Deploy a nginx reverse proxy (Optional)
At this point llama-server is only reachable on localhost. If you want to access it from other machines on your network or from the internet, you will need to expose it. Rather than binding llama-server directly to a public interface, we’ll place an nginx reverse proxy in front of it. This gives us SSL termination and a clean domain name to point clients at.
apt-get install nginxThe default nginx configuration ships with a placeholder server block that we’ll replace entirely:
echo '' > /etc/nginx/sites-available/default
nano /etc/nginx/sites-available/defaultThe config below sets up two server blocks. The first one listens on port 80 and permanently redirects all HTTP traffic to HTTPS. The second one listens on port 443, handles SSL termination using your certificate files, and forwards all requests to llama-server running on localhost. Go ahead and create the following configuration:
server {
listen 80;
listen [::]:80;
rewrite ^(.*) https://$host$1 permanent;
}
server {
listen 443 ssl;
listen [::]:443 ssl;
server_name llamacpp.yourdomain.com;
client_max_body_size 0;
ssl_certificate /root/yourpath/yourdomain.com/fullchain.pem;
ssl_certificate_key /root/yourpath/yourdomain.com/privkey.pem;
location / {
proxy_http_version 1.1;
proxy_buffering off;
proxy_request_buffering off;
proxy_read_timeout 86400s;
proxy_send_timeout 86400s;
send_timeout 86400s;
proxy_set_header Upgrade $http_upgrade;
proxy_set_header Connection "upgrade";
proxy_pass http://127.0.0.1:8080;
}
}A few settings in this configuration deserve special attention:
client_max_body_size 0: Removes the upload size limit entirely. This is important when sending large images or documents to the multimodal model.proxy_buffering off/proxy_request_buffering off: Disables buffering so that streamed token output flows through to the client in real time rather than being held until the response is complete.proxy_read_timeout/proxy_send_timeout/send_timeout: Set to 24 hours. Long-running inference requests on a busy model can take time, and the default timeouts would cut them off prematurely.proxy_set_header Upgrade/Connection "upgrade": Required to support WebSocket connections, which some clients use for streaming.

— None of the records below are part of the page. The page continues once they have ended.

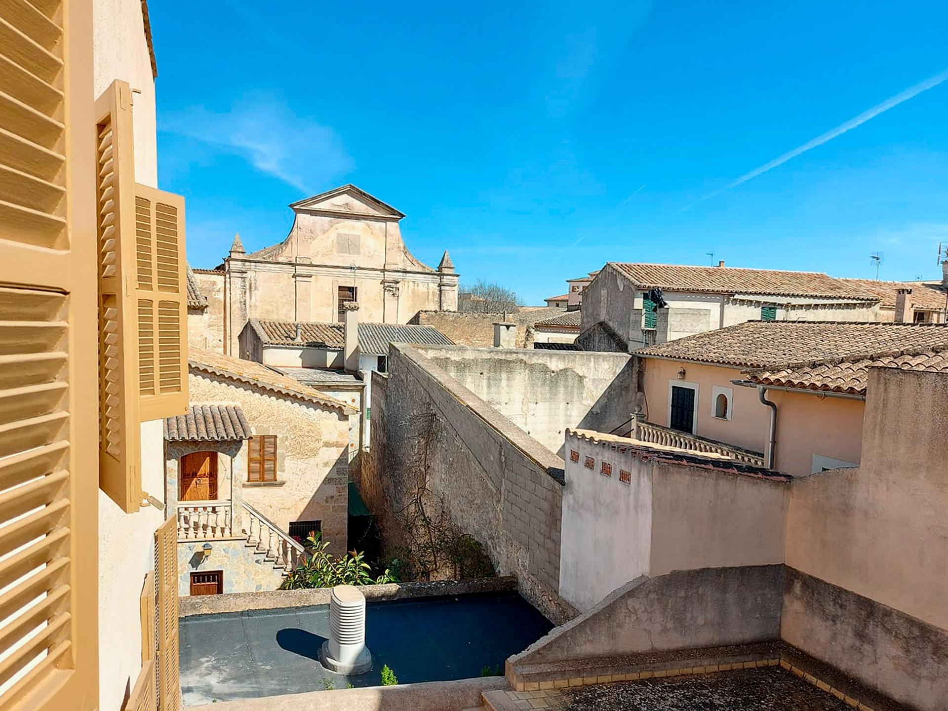 Terraza en la primera planta, con vistas al casco antiguo de Sineu.
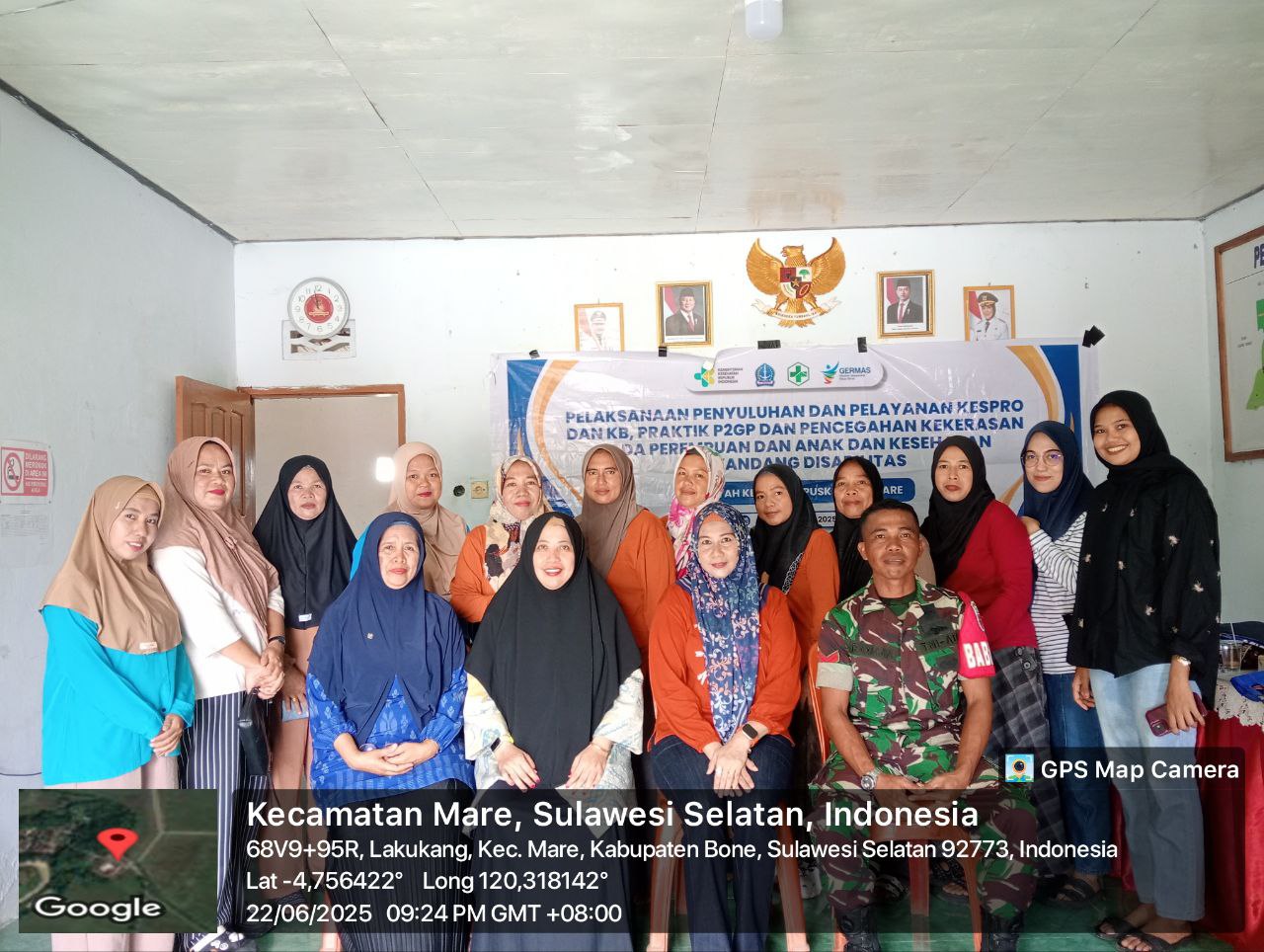 BONE – Bintara Pembina Desa (Babinsa) Koramil 15/ Mare Kodim 1407/ Bone hadiri kegiatan Penyuluhan dan Pelayanan Kespro, KB, P2GP, Pencegahan Kekerasan Perempuan dan…
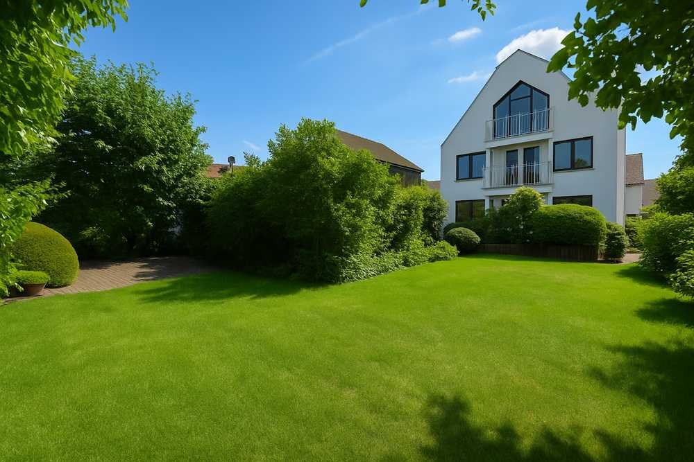 Der liebevoll angelegte Garten mit Bewässerungsanlage und gemütlichem Freisitz schafft eine angenehme Wohlfühlatmosphäre im Freien. Für Ihre Fahrzeuge steht eine großzügige Doppelgarage mit zwei Toren zur Verfügung, die innen miteinander verbunden ist. Zusätzlich gibt es einen Carportstellplatz sowie einen dekorativen Steingarten auf dem Garagendach.
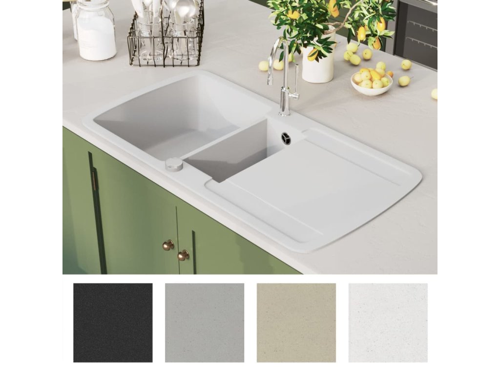 Žulový kuchyňský dřez dvojitý bílý 144855
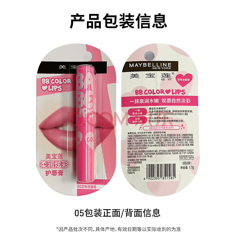 商品相册:美宝莲宝蓓爱炫彩润唇膏 05恋粉洛丽塔 保湿滋润1.7g 生日礼物女第
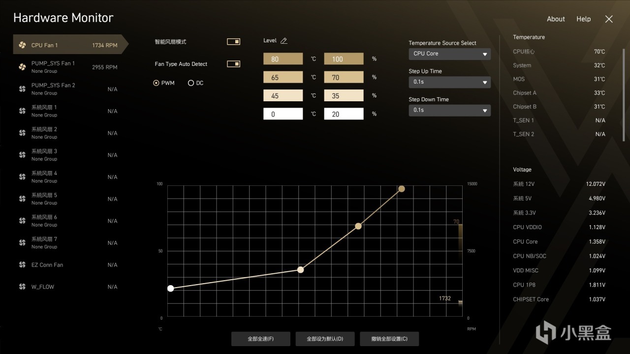 风扇控制选项页面也做了全新调整,提供了多种转速配置,用户可以根据自身的实际使用情况进行选择,当然也可以手动调节转速曲线。

This nginx config file assumes that you have SSL certificates already present on your system; depending on your situation you can get new SSL certificates via Let’s Encrypt’s certbot via the DNS verification method for your local network.
With nginx handling inbound traffic on ports 80 and 443, we can now lock down everything else with UFW. The commands below set a default deny policy for all incoming connections and then carve out an exception for the Nginx Full profile, which covers both HTTP and HTTPS:
apt-get install ufw
ufw default deny incoming
ufw default allow outgoing
ufw allow 'Nginx Full'
ufw enableTesting it out
With everything in place, let’s make sure the API is responding correctly. The following curl command sends a simple chat completion request in OpenAI-compatible format. If you set up the reverse proxy, replace the URL with your domain name; otherwise query localhost directly:
curl https://llamacpp.yourdomain.com/v1/chat/completions \
-H "Content-Type: application/json" \
-d '{
"model": "Gemma4-31B-IT",
"messages": [
{
"role": "user",
"content": "Tell me a fun fact about you"
}
]
}'If everything is working, you’ll receive a JSON response containing the model’s reply within a few seconds. The first request after an idle period may take a moment longer as the model is loaded back into VRAM. You can also monitor this by using nvtop on your LLM machine.
Wrapping up
That’s it. You now have a fully self-hosted LLM running on your own hardware, reachable over your local network via a standard OpenAI-compatible API. Any tool or application that supports a custom API endpoint can be pointed at it straight away, whether that’s Open WebUI, Cursor, or your own code.
From here, adding more models is straightforward: drop their files into a new subdirectory under custom-models, add a corresponding section to config.ini, and restart llama-server. The --sleep-idle-seconds flag will make sure only the model currently in use occupies VRAM at any given time.